Friday, August 10, 2012

Olympic Medal Count - 2012 London Summer Olympics

Olympic Medal Count - 2012 London Summer Olympics

There is no special significance to this, but if the USSR were still together, the medal count would be:

USSR 105
USA 90
China 80

The gold medal count would present a very different picture.

USA 39
China 37
USSR 26

The big disappointment in the gold department has been Russia itself. The Russian athletes have won only 12 golds among their 56 medals (21%). In contrast, the Chinese gold percentage is 46%, and the American gold share is 43%. In fact, the sister republics of the former Soviet Union have actually won more golds than Russia, 14-12.

Twelve of the sister republics have won at least one medal. Only two of the former Soviet republics are empty-handed: Kyrgyzstan (I had to look up the spelling of that one), and Turkmenistan. Kyrgyzstan, which is now a democracy, sent 14 athletes but only one vowel to the games. Turkmenistan, which is slowly trying to emerge from its years as a repressive crazy-ass Stalinist dictatorship, sent 10 athletes.

The first post-Soviet leader of Turkmenistan, Niyazov, was one of my favorite subjects to write about. He was so wacky that he made Kim Jong Il seem as rational as John Stuart Mill. I've seen Sascha Baron Cohen's The Dictator, and I'd have to say that the fictional Admiral-General Aladeen was more sane than Niyazov. In addition to the crazy stuff that all power-mad dictators so, like his flagrant human rights abuses and his dissemination of his own image to every public square, all currency and every postage stamp, Niyazov took absolute power to a whole new level. He renamed months of the year after his family members; he took pensions away from elderly citizens and forced them to pay back funds they had received earlier; he banished dogs; he banned opera and ballet; he outlawed gold teeth; he banned TV news reporters from wearing make-up; he banned libraries; he made doctors swear the Niyazov Oath instead of the Hippocratic; he altered the words of the national anthem and other songs to include references to himself; he built a giant gleaming statue of himself that rotated to face the sun at all times; he arbitrarily fired thousands of public health care employees, etc. That list barely scratches the surface of his lunacy. That's just the stuff I can remember offhand.
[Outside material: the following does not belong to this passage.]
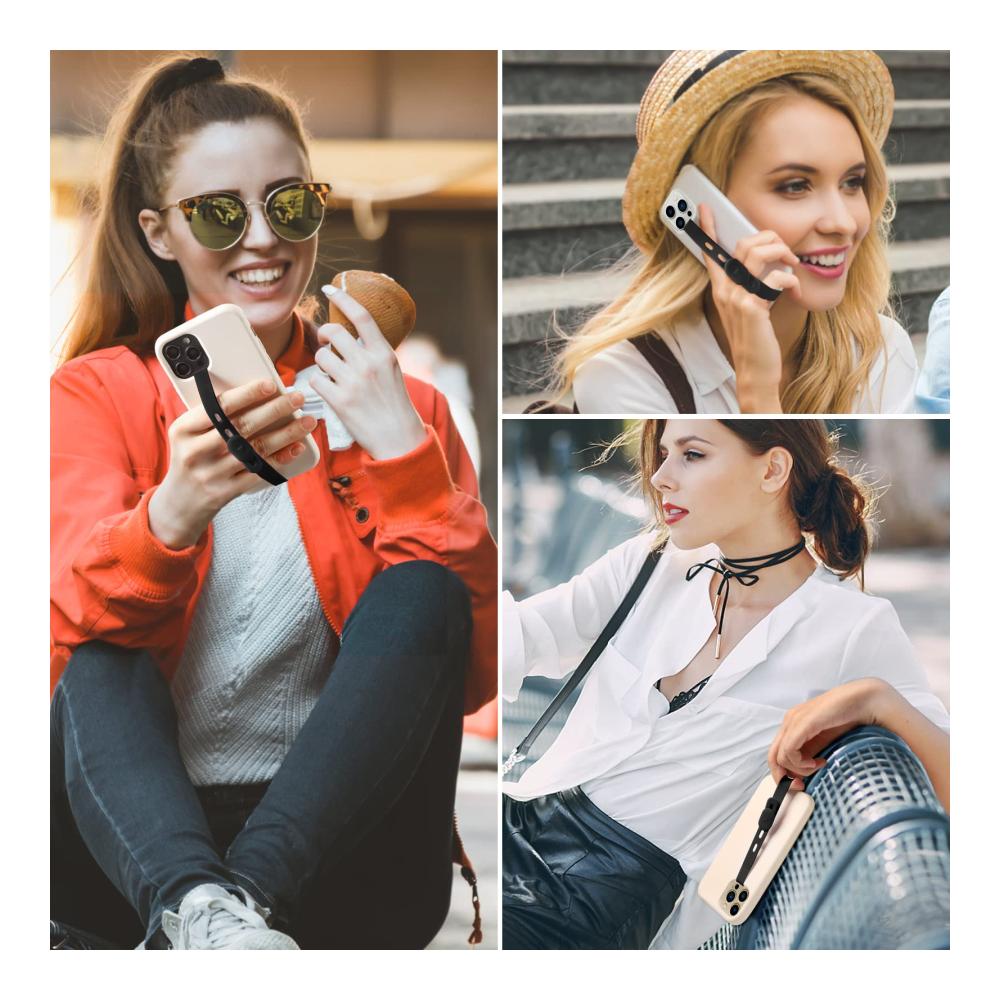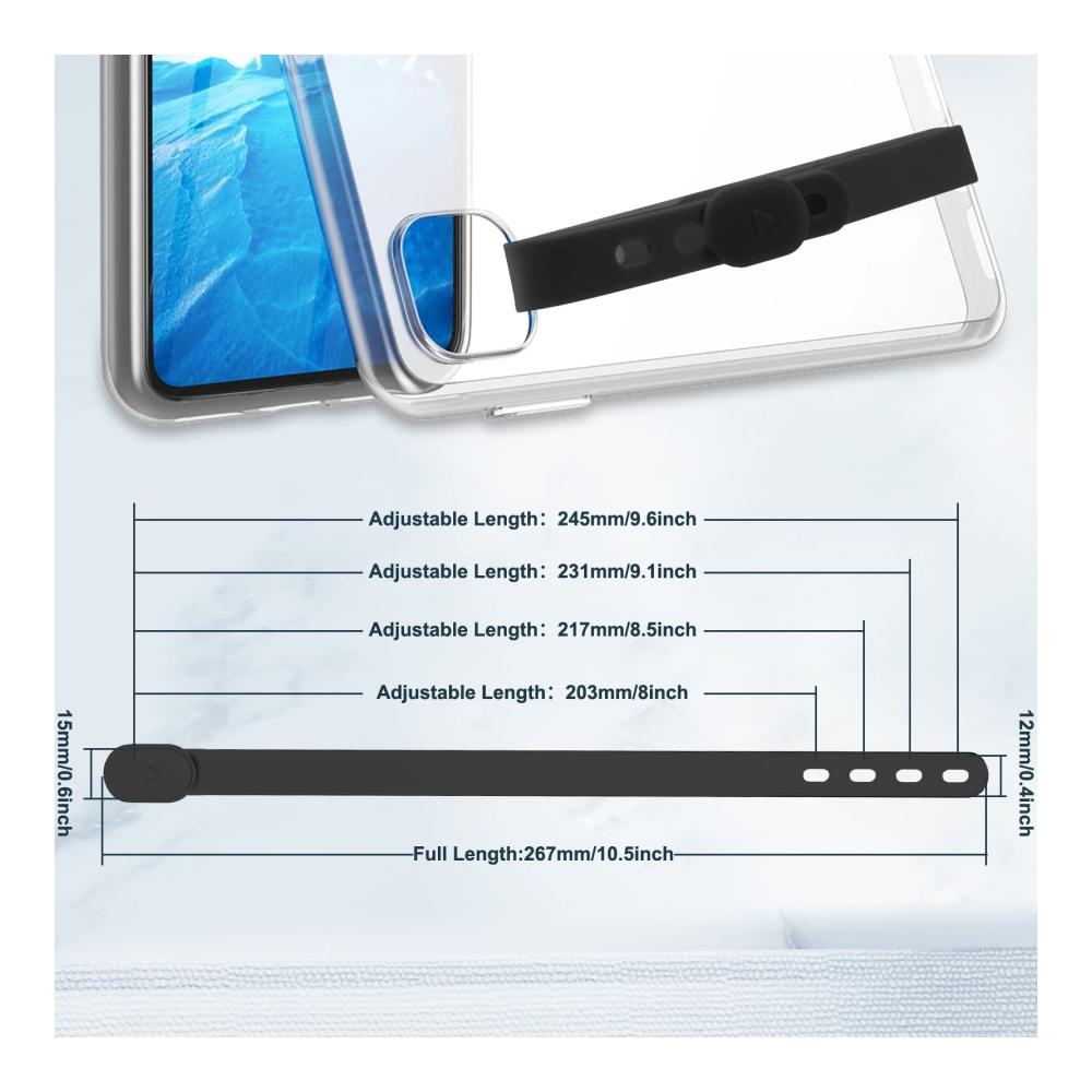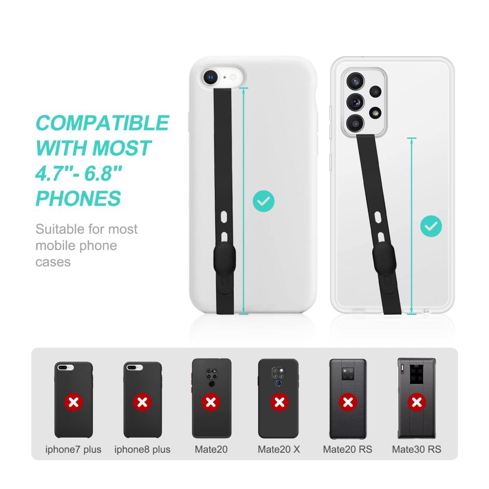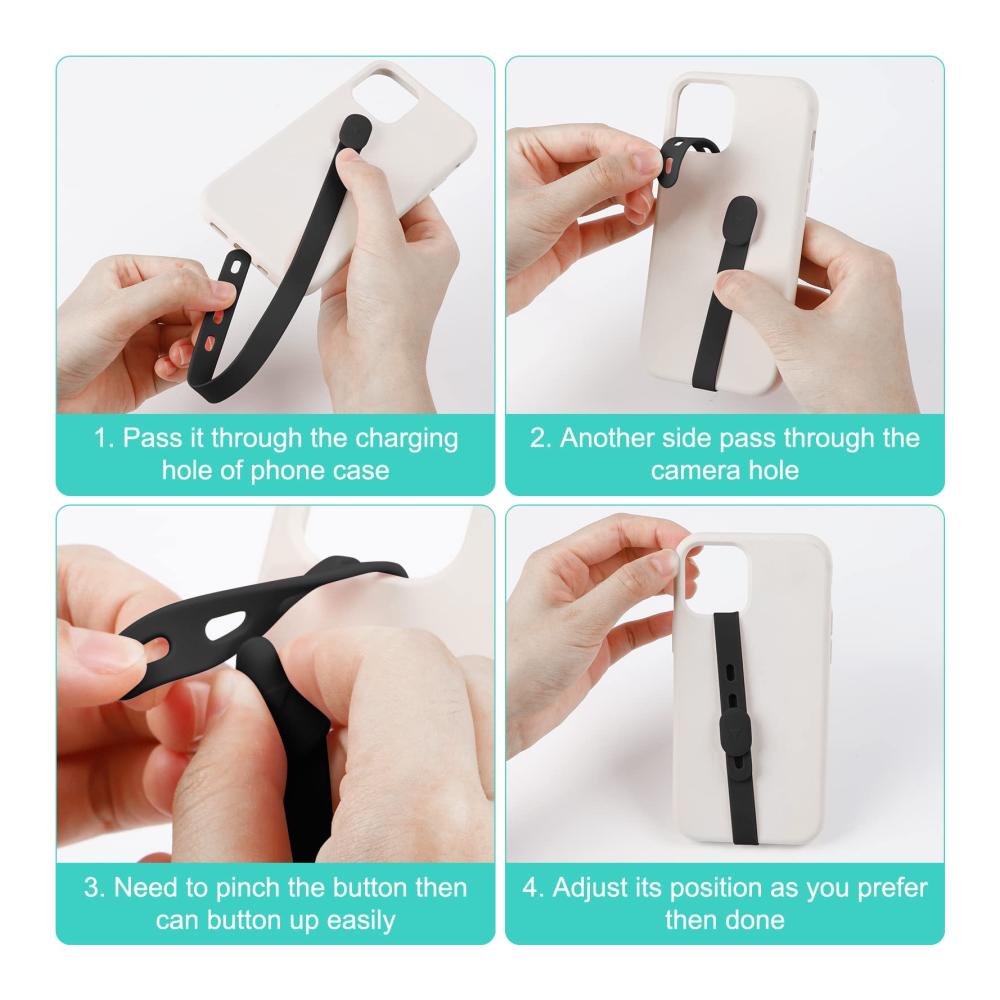【Länge einstellbar】 Das Handy Band verfügt über vier Einstellmöglichkeiten. Ein und dasselbe Band kann für mehrere Handgeräte wiederverwendet werden. Um dies zu erreichen, stellen Sie einfach die entsprechende Länge durch die Einstelllöcher ein.

My favorite of his zany actions is that he ordered the construction of a palace of ice and penguin enclosure, so that children in his desert country could learn to ice skate. Heaven knows why.

On the other hand, he had his good points. I'm not sure whether he allowed bagpipes (probably not), but he banned mimes, clowns and lip-syncing, so his overall record might be positive.